When I was in second grade, my teacher made me sit next to two girls I didn’t know at all during art period. While we three tried to strike awkward conversations about our colouring skills and shared crayons, I experienced something that I hadn’t ever before. My 7-year-old self felt so extremely connected to these girls. We bonded over the silly struggle of not being able to find the right shades in the colour box and applying glue only to peel it off when it dried just seemed like more fun with them.
These strangers soon became my best friends. They are the ones I had my first sleepover with, the ones who taught me math better than my maths teacher and the ones who guided me through the pre-pubescent years with advise ranging from changes in my body to budding love issues.
The bottom line is that these girls have shaped the person that I am today. From choosing the right lunchbox to choosing the right boy, I couldn’t have possibly functioned without their advice. On days when I lose my sanity, they restore it. And at other times, we all lose our sanity together and end up with a bunch of bad decisions and memories we’ll use as leverage when we’re old.
I know that I can be myself with them without being judged. We practice twerking together and drink home-made sangria when we realize we can never twerk. But I’d rather make a fool out of myself in front of these girls than the world. They’ve stopped me from embarrassing myself after a night of too many shots but they’ve also made Snapchat stories out of my embarrassing moments. You see, we balance the good with the bad perfectly.

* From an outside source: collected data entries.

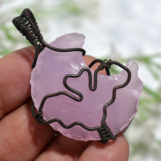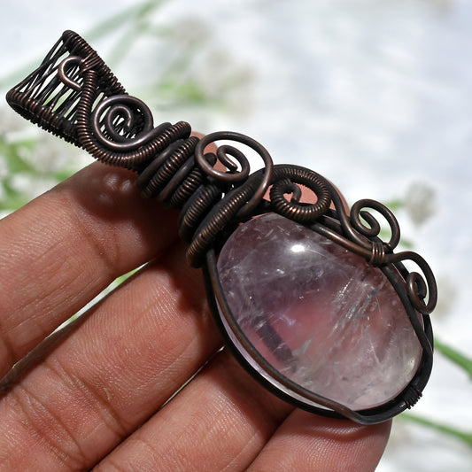 Unique Rose Quartz Gemstone Pendant β Oxidise Copper Wire Wrapped Cabochon(30x60x7mm,/119ct)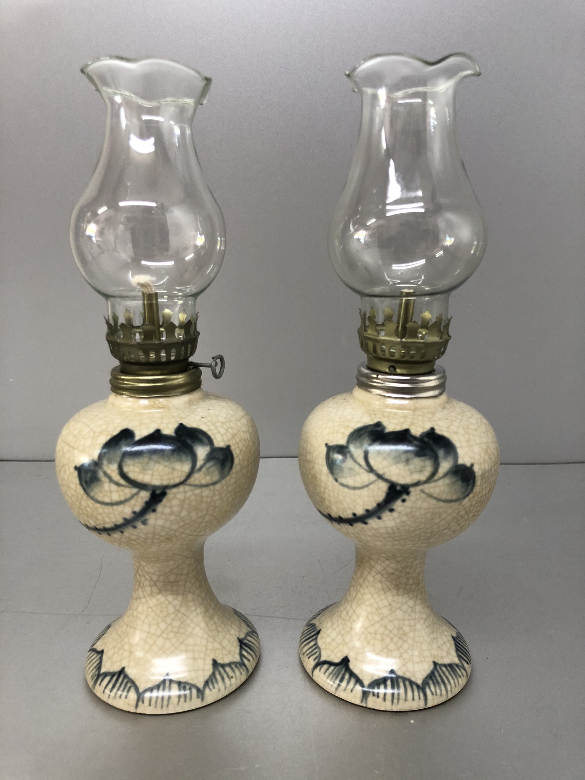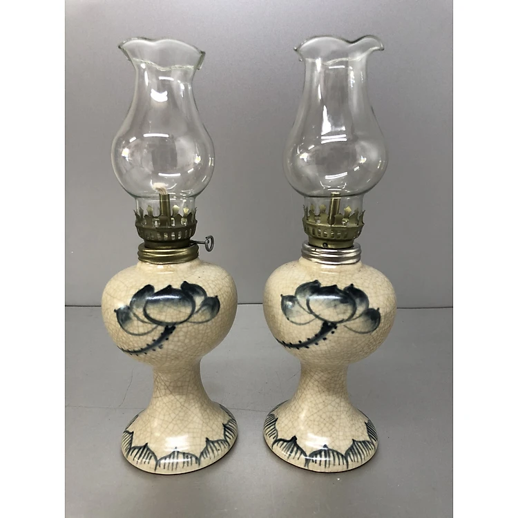 Combo 2 Đèn thờ đốt dầu men rạn vẽ hoa sen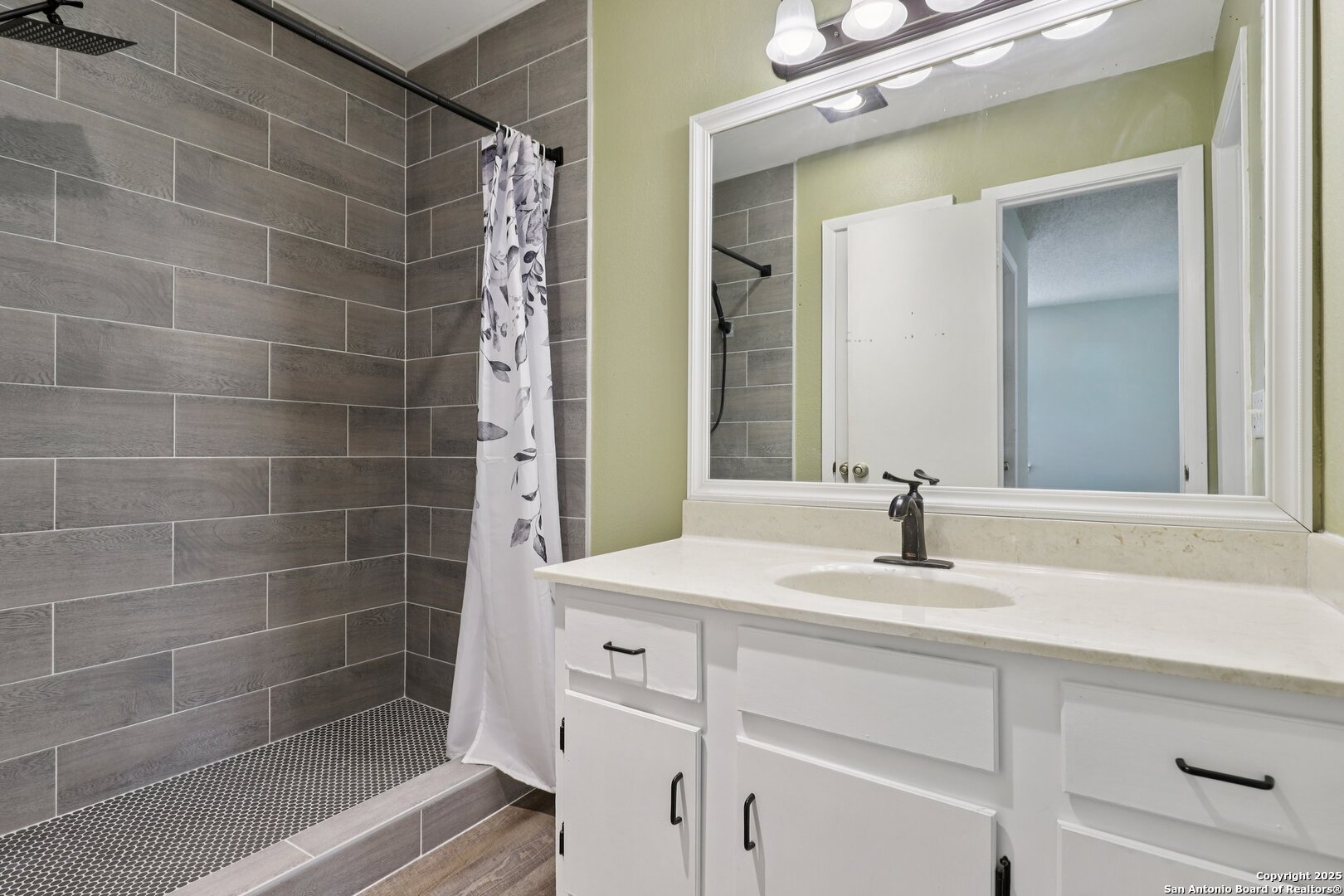 Sweat Equity opportunity!!! Paint, carpet and fencing will make this home dazzle. Prime location and value. Bright living room room setup overlooking your big yard! Pull up a barstool to the granite kitchen counters and admire the practicality and Open floorplan. Primary bedroom downstairs featuring a sitting area amongst the corner windows. Upstairs you will find two bedrooms PLUS a special closet/room that you can tailor to a Book Nook, Office, Craft Corner, Storage Zone, or Playroom! What would you use it for? NEISD schools if that is important to you! Commute time of 5 minutes or less to Wurzbach Parkway, HEB, McAllister Park and retail. This home gives you a convenient lifestyle and opportunity to make this house your home.

These girls were the first ones to hear about my first crush. They know all my secrets but the important part is that they’ve picked me up after every heartbreak. They’ve done bad impressions of my ex boyfriends to drive the point home but they’ve given me absolutely accurate advice about how I need to put myself first. Moreover, they taught me that a box of cookies combined with an episode of Grey’s Anatomy is all you need to fix bad days.
My girls have stuck by my side through good and bad. There were days when they scolded me for bad life decisions and there were days when they’ve celebrated my smallest achievement with me. We’ve seen each other through pretty much everything.
We’ve had fights and misunderstandings, of course. It started with a rather serious glitter fight and graduated to fighting over common crushes. There have been times where we haven’t talked for months on end. Honestly, a cold shoulder from one of my girls feels much worse than a break up. But our friendship is much stronger than any fight. We’re more like family now.
We’ve grown up and are no longer the careless girls we used to be. We’re trying to adult, make a career and find the right match. We still see some lows and some highs. But I know my girls are always a call away. No matter how busy they are, if I need them, they’re right there. They dilute my bad days with their laughter and make me feel lucky to have ended up with them.
People may come and go, but I know that my girlfriends will always be my ‘forever.’